You are viewing a plain text version of this content. The canonical link for it is here.
Posted to user@cassandra.apache.org by Jason Kania <ja...@ymail.com> on 2016/06/08 01:31:27 UTC

Nodetool repair inconsistencies

I am running a 3 node cluster of 3.0.6 instances and encountered an error when running nodetool compact. I then ran nodetool repair. No errors were returned.
I then attempted to run nodetool compact again, but received the same error so the repair made no correction and reported no errors.
After that, I moved the problematic files out of the directory, restarted cassandra and attempted the repair again. The repair again completed without errors, however, no files were added to the directory that had contained the corrupt files. So nodetool repair does not seem to be making actual repairs.
I started looking around and numerous directories have vastly different amounts of content across the 3 nodes. There are 3 replicas so I would expect to find similar amounts of content in the same data directory on the different nodes.

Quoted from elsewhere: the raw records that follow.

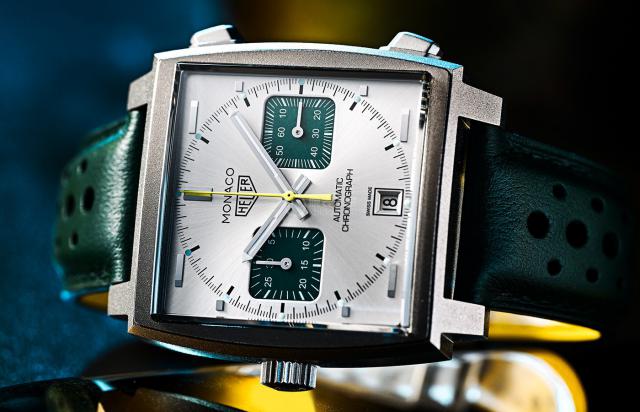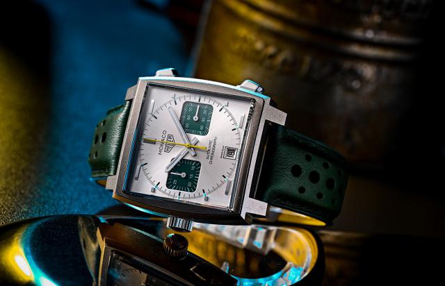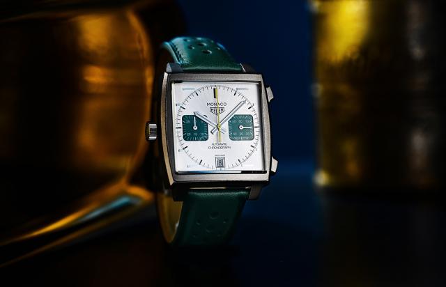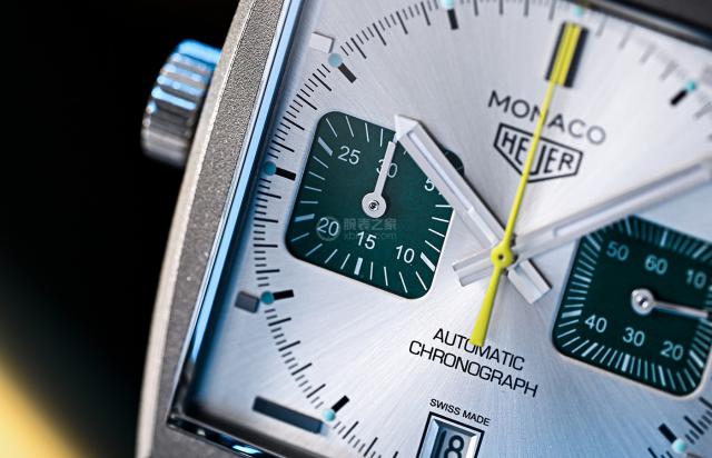 [ 手表之家 影像时计 ] 在跑车记时领域,泰格豪雅(TAG Heuer)摩纳哥系列计时码表具有绝对的话语权。自 1970 史蒂夫戴着摩纳哥手表。 · 麦昆(Steve McQueen)电影《极速狂飙》手腕上出现在电影中。(Le Mans)其中,独特的方形计时表,成为无数骑手的首选。从去年开始,泰格豪雅推出了摩纳哥系列特别版手表,结合跑车领域的国家代表色。自去年法国“速蓝”版以来,该品牌带来了全新的英国“速绿”模式。如何设计新产品?详情请参见下面的细节实拍美图:(手表型号:CAW218E.FC6565)(本文所有照片均由手表之家拍摄,未经允许不得使用,违者必究)
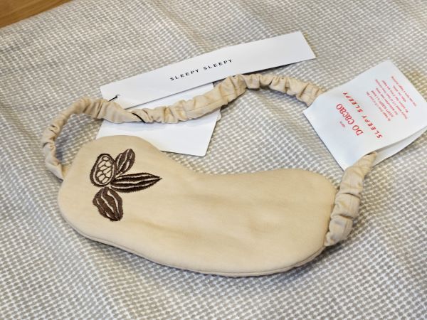 「DO Cacao ×SLEEPY SLEEPYCacao Eye mask」 5,000円 「アイマスク」は、昨年朝日小学生新聞の「カカオハスクアイデアコンテスト」の佳作になった「アイマスクシート」を参考にしており、子どもたちのアイデアを具現化した最初の商品です。
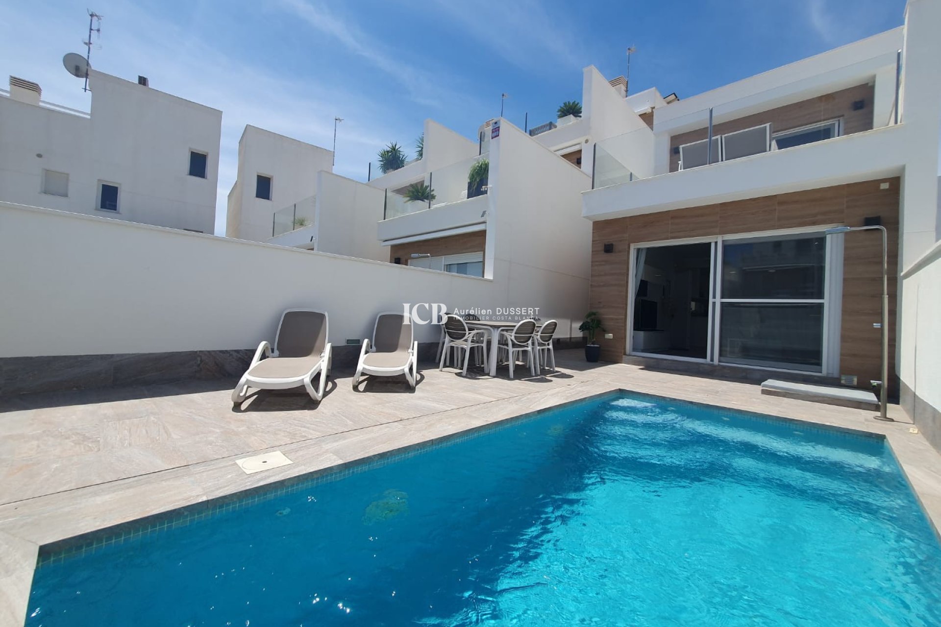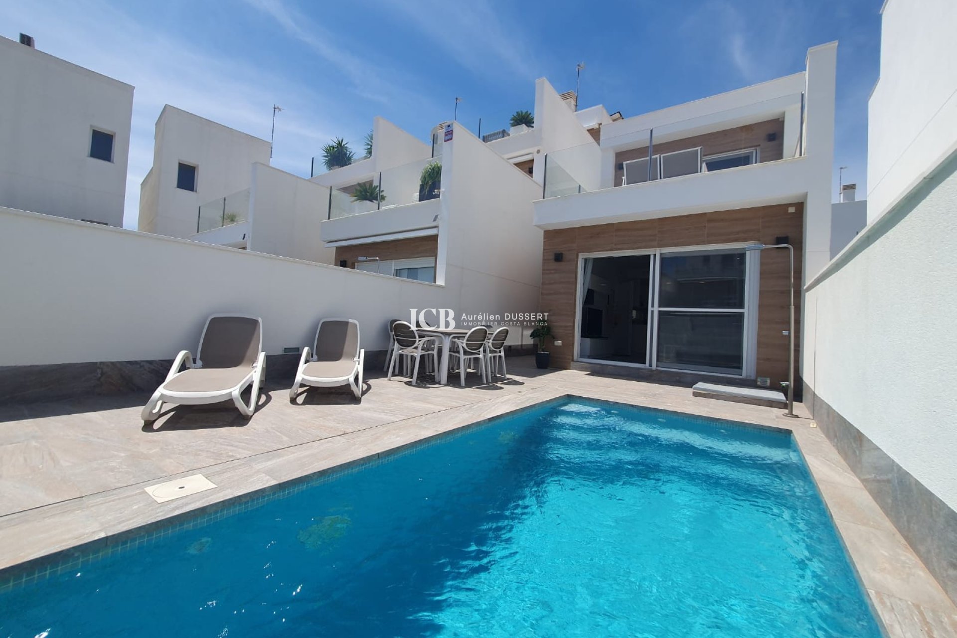 Moderno chalet con piscina privada que consta de 3 dormitorios, 2 baños, se vende totalmente amueblado con electrodomésticos. También tiene aire acondicionado central y mucho espacio de almacenamiento. A menos de 5 minutos de las playas y del centro de la ciudad. La propiedad tiene licencia turística y un buen rendimiento de alquiler. No dude en ponerse en contacto con nosotros para más información.

Is there any way to dig deeper into this? I don't want to be caught because replication/repair is silently failing. I noticed that there is always an "some repair failed" amongst the repair output but that is so completely unhelpful and has always been present.

Thanks,
Jason

Re: Nodetool repair inconsistencies

Posted by Jason Kania <ja...@ymail.com>.
Hi Paul,
I have tried running 'nodetool compact' and the situation remains the same after I deleted the files that caused 'nodetool compact' to generate an exception in the first place.
My concern is that if I delete some sstable sets from a directory or even if I completely eliminate the sstables in a directory on one machine, run 'nodetool repair' followed by 'nodetool compact', that directory remains empty. My understanding has been that these equivalently named directories should contain roughly the same amount of content.
Thanks,
Jason

      From: Paul Fife <pa...@gmail.com>
 To: user@cassandra.apache.org; Jason Kania <ja...@ymail.com> 
 Sent: Wednesday, June 8, 2016 12:55 PM
 Subject: Re: Nodetool repair inconsistencies
   
Hi Jason -
Did you run a major compaction after the repair completed? Do you have other reasons besides the number/size of sstables to believe all nodes don't have a copy of the current data at the end of the repair operation?
Thanks,Paul
On Wed, Jun 8, 2016 at 8:12 AM, Jason Kania <ja...@ymail.com> wrote:

Hi Romain,
The problem is that there is no error to share. I am focusing on the inconsistency that when I run nodetool repair, get no errors and yet the content in the same directory on the different nodes is vastly different. This lack of an error is nature of my question, not the nodetool compact error.
Thanks,
Jason
      From: Romain Hardouin <ro...@yahoo.fr>
 To: "user@cassandra.apache.org" <us...@cassandra.apache.org>; Jason Kania <ja...@ymail.com> 
 Sent: Wednesday, June 8, 2016 8:30 AM
 Subject: Re: Nodetool repair inconsistencies
  
Hi Jason,
It's difficult for the community to help you if you don't share the error ;-)What the logs said when you ran a major compaction? (i.e. the first error you encountered) 
Best,
Romain

    Le Mercredi 8 juin 2016 3h34, Jason Kania <ja...@ymail.com> a écrit :
 

 I am running a 3 node cluster of 3.0.6 instances and encountered an error when running nodetool compact. I then ran nodetool repair. No errors were returned.
I then attempted to run nodetool compact again, but received the same error so the repair made no correction and reported no errors.
After that, I moved the problematic files out of the directory, restarted cassandra and attempted the repair again. The repair again completed without errors, however, no files were added to the directory that had contained the corrupt files. So nodetool repair does not seem to be making actual repairs.
I started looking around and numerous directories have vastly different amounts of content across the 3 nodes. There are 3 replicas so I would expect to find similar amounts of content in the same data directory on the different nodes.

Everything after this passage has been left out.